When you copy the data that follows, reproduce every word exactly and leave out the images.

#### Supplied material

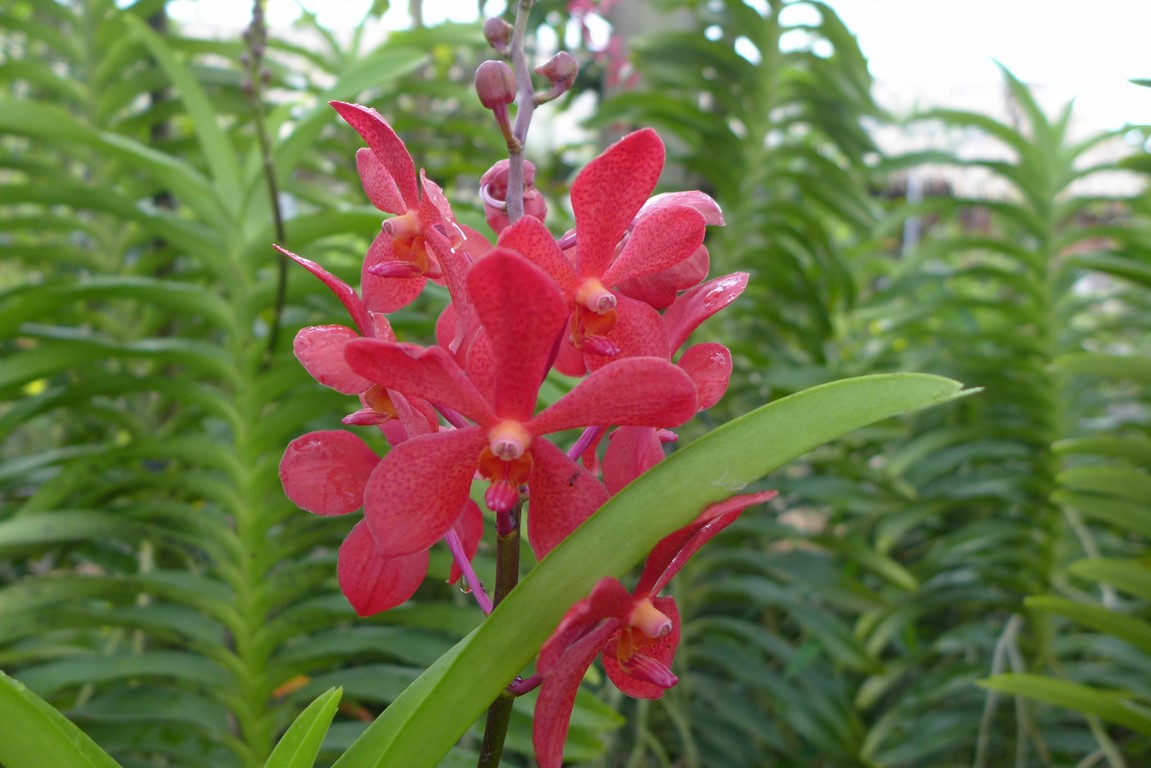 Closer to houses, orchids are abundant, mainly colourful Vanda and Dendrobium hybrids.
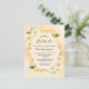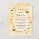 Elégante et amusante invitation à la douche nuptiale. Jaune, arrière - plan blanc avec un motif de nid d'abeille. Avec un cadre géométrique en faux or. Décoré d'un jaune clair, de fleurs de fleurs tropicales crème, d'hibiscus et d'abeilles jolies. Avec le texte : Mariée à Abee et le nom de la mariée sur le devant écrit avec un script de style manuscrit moderne. Lettres noires. Dos : motif jaune peigne blanche et une abeille. Conseil : Si vous ne voulez pas qu'il ressemble à une carte postale, cliquez sur customiser, allez à l'arrière et retirez le séparateur et le timbre postal.
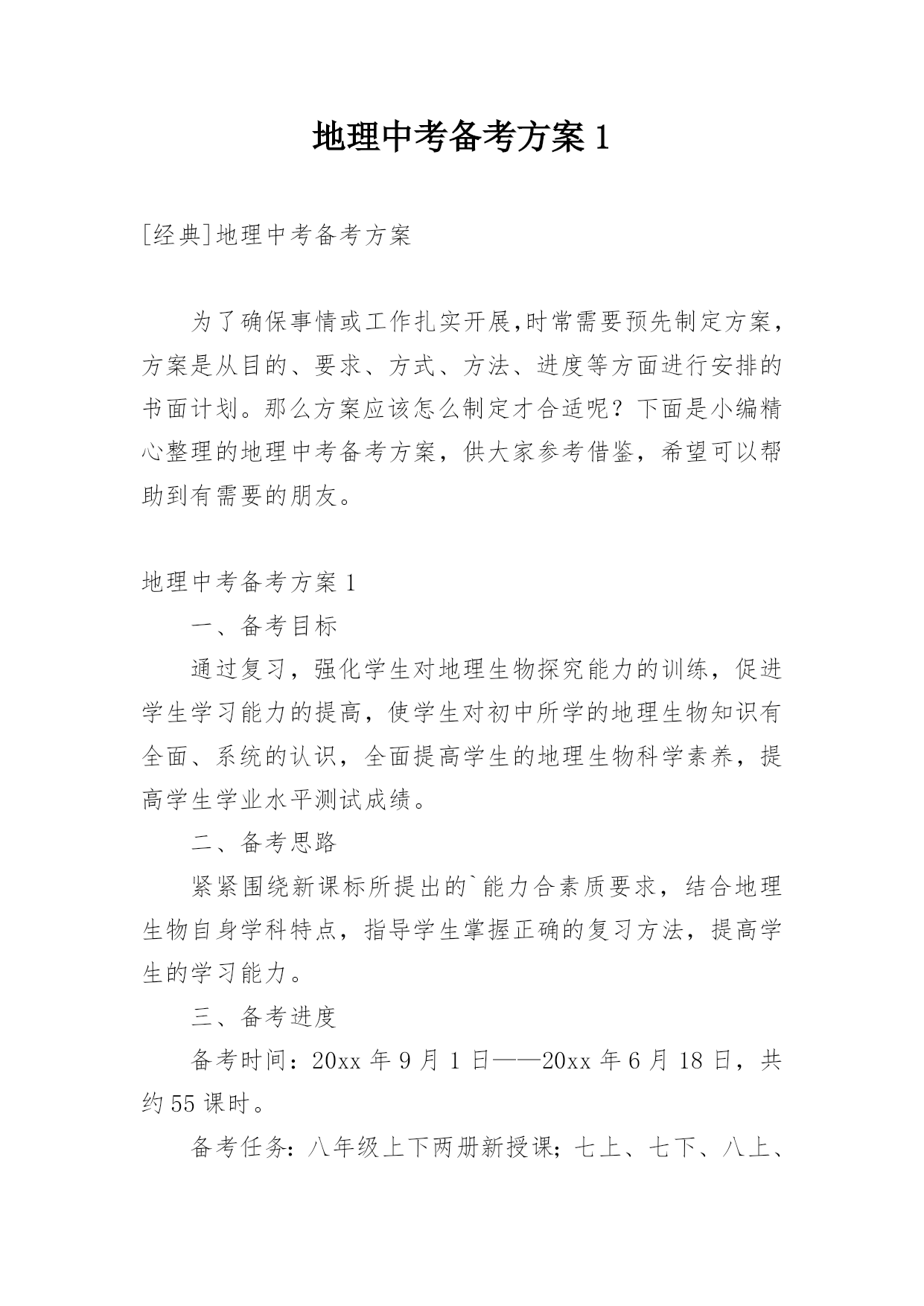 地理中考备考方案1[经典]地理中考备考方案为了确保事情或工作扎实开展,时常需要预先制定方案,方案是从目的、要求、方式、方法、进度等方面进行安排的书面计划。那么方案应该怎么制定才合适呢?下面是小编精心整理的地理中考备考方案,供大家参考借鉴,希望可以帮助到有需要的朋友。地理中考备考方案1一、备考目标通过复习,强化学生对地理生物探究能力的训练,促进学生学习能力的提高,使学生对初中所学的地理生物知识有全面、系统的认识,全面提高学生的地理生物科学素养,提高学生学业水平测试成绩。二、备考思路紧紧围绕新课标所提出的`能
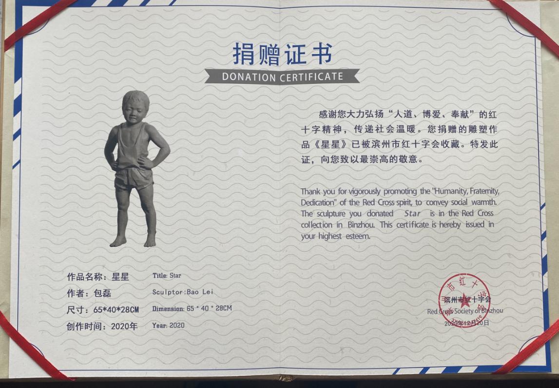2020年10月,yl8cc永利官网社会服务办公室包磊接受滨州市红十字会委托,为其创作雕塑,历经数月,几易其稿,完成雕塑作品《小星星》,并捐献给滨州市红十字文化主题公园长久存放。滨州市红十字会授予包磊捐赠证书。

########

— Task solution —
 Closer to houses, orchids are abundant, mainly colourful Vanda and Dendrobium hybrids.
 Elégante et amusante invitation à la douche nuptiale. Jaune, arrière - plan blanc avec un motif de nid d'abeille. Avec un cadre géométrique en faux or. Décoré d'un jaune clair, de fleurs de fleurs tropicales crème, d'hibiscus et d'abeilles jolies. Avec le texte : Mariée à Abee et le nom de la mariée sur le devant écrit avec un script de style manuscrit moderne. Lettres noires. Dos : motif jaune peigne blanche et une abeille. Conseil : Si vous ne voulez pas qu'il ressemble à une carte postale, cliquez sur customiser, allez à l'arrière et retirez le séparateur et le timbre postal.
 地理中考备考方案1[经典]地理中考备考方案为了确保事情或工作扎实开展,时常需要预先制定方案,方案是从目的、要求、方式、方法、进度等方面进行安排的书面计划。那么方案应该怎么制定才合适呢?下面是小编精心整理的地理中考备考方案,供大家参考借鉴,希望可以帮助到有需要的朋友。地理中考备考方案1一、备考目标通过复习,强化学生对地理生物探究能力的训练,促进学生学习能力的提高,使学生对初中所学的地理生物知识有全面、系统的认识,全面提高学生的地理生物科学素养,提高学生学业水平测试成绩。二、备考思路紧紧围绕新课标所提出的`能
2020年10月,yl8cc永利官网社会服务办公室包磊接受滨州市红十字会委托,为其创作雕塑,历经数月,几易其稿,完成雕塑作品《小星星》,并捐献给滨州市红十字文化主题公园长久存放。滨州市红十字会授予包磊捐赠证书。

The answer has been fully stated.